There are some tributaries within the River Shannon system which have headwaters that are further in length (from source to mouth) than the Shannon Pot source, such as the Owenmore River (County Cavan) in County Cavan, which flows west for 14.5 km through the valley of Glangevlin before joining the Shannon about 3 km below the Shannon Pot at Lugnashinna, thus adding 11 km to the Shannon's overall length, bringing it to 372 km.

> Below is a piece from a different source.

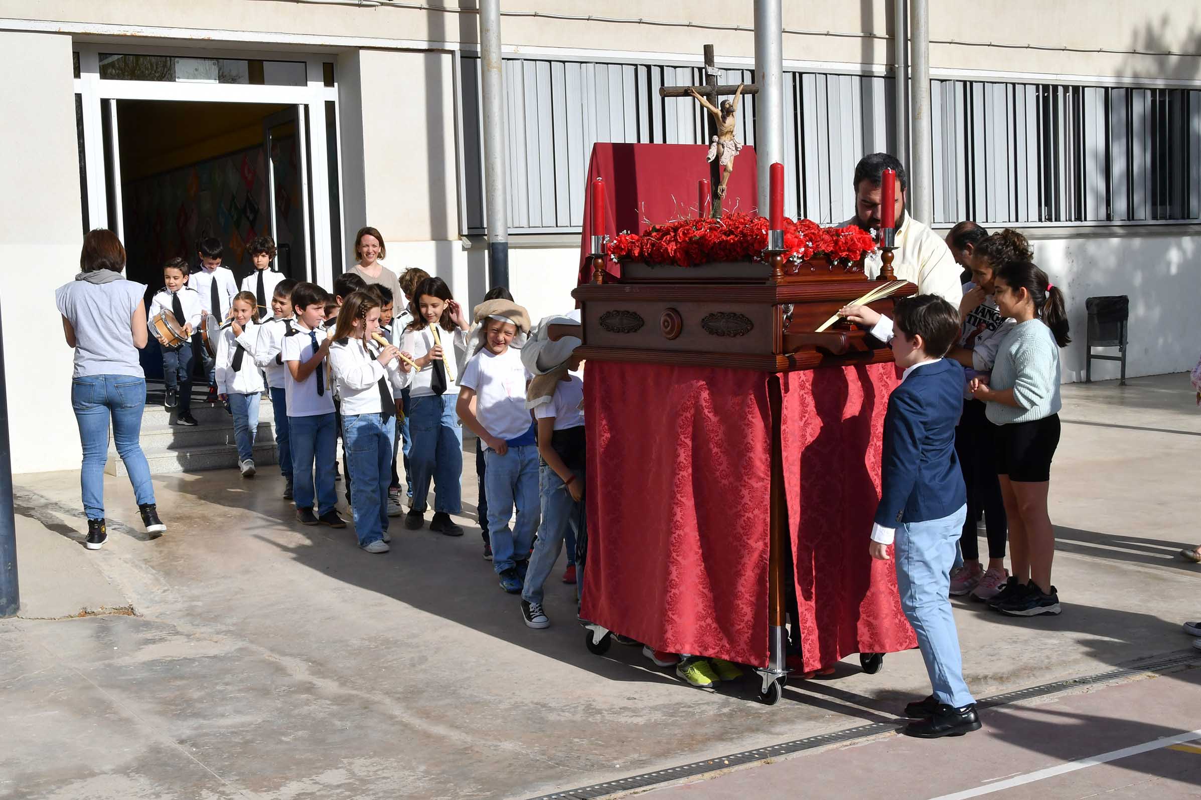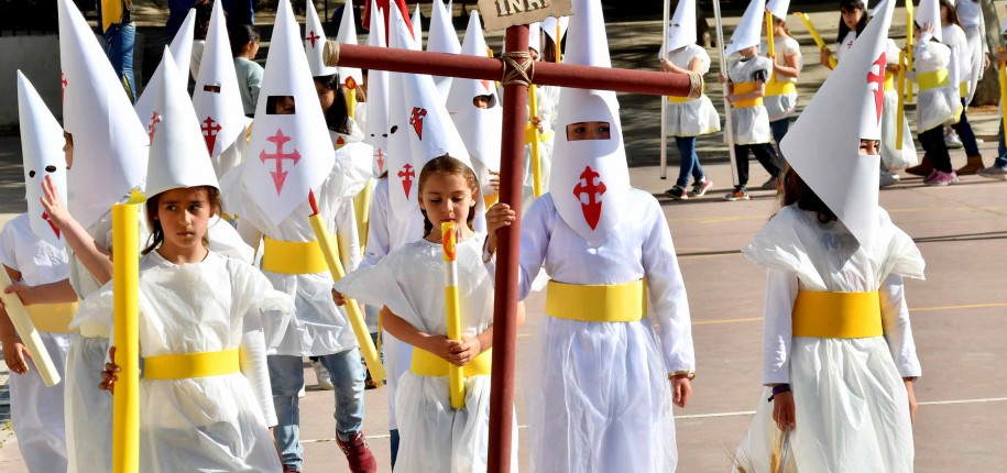 a Semana Santa ha empezado este Viernes de Dolores en Tomares con la procesión infantil que los alumnos de religión de 1º, 2º y 3º de Primaria del CEIP Juan Ramón Jiménez han celebrado en el patio del colegio. Una mañana de ambiente cofrade, en la que los pequeños, ataviados con trajes de nazareno y mantillas, han recreado el paso de una cofradía y emulado el fervor y devoción que se vive en las calles estos días de Pasión.

Upper Shannon catchment (with Shannon source, Owenmore River (County Cavan) and Boyle River Basin)

Also the Boyle River has a similar claim. The river flow from the furthest reaches of the Boyle catchment to Limerick city has a measurement of 290 km. When added to the Shannon's 63.5 miles estuary this gives a total river flow of 392.1 km, which makes it the longest river within the River Shannon basin (from source to mouth)—31.6 km longer than the Shannon Pot source. Thus the Boyle-Shannon river can be regarded as having the longest natural river flow in Ireland.

==Geography==
The River Shannon Basin touches more than half (17) of Ireland's counties:- Limerick, Clare, Tipperary, Offaly, Westmeath, Longford, Roscommon, Kerry, Galway, Leitrim, Cavan, Sligo, Mayo, Cork, Laois, Meath and Fermanagh.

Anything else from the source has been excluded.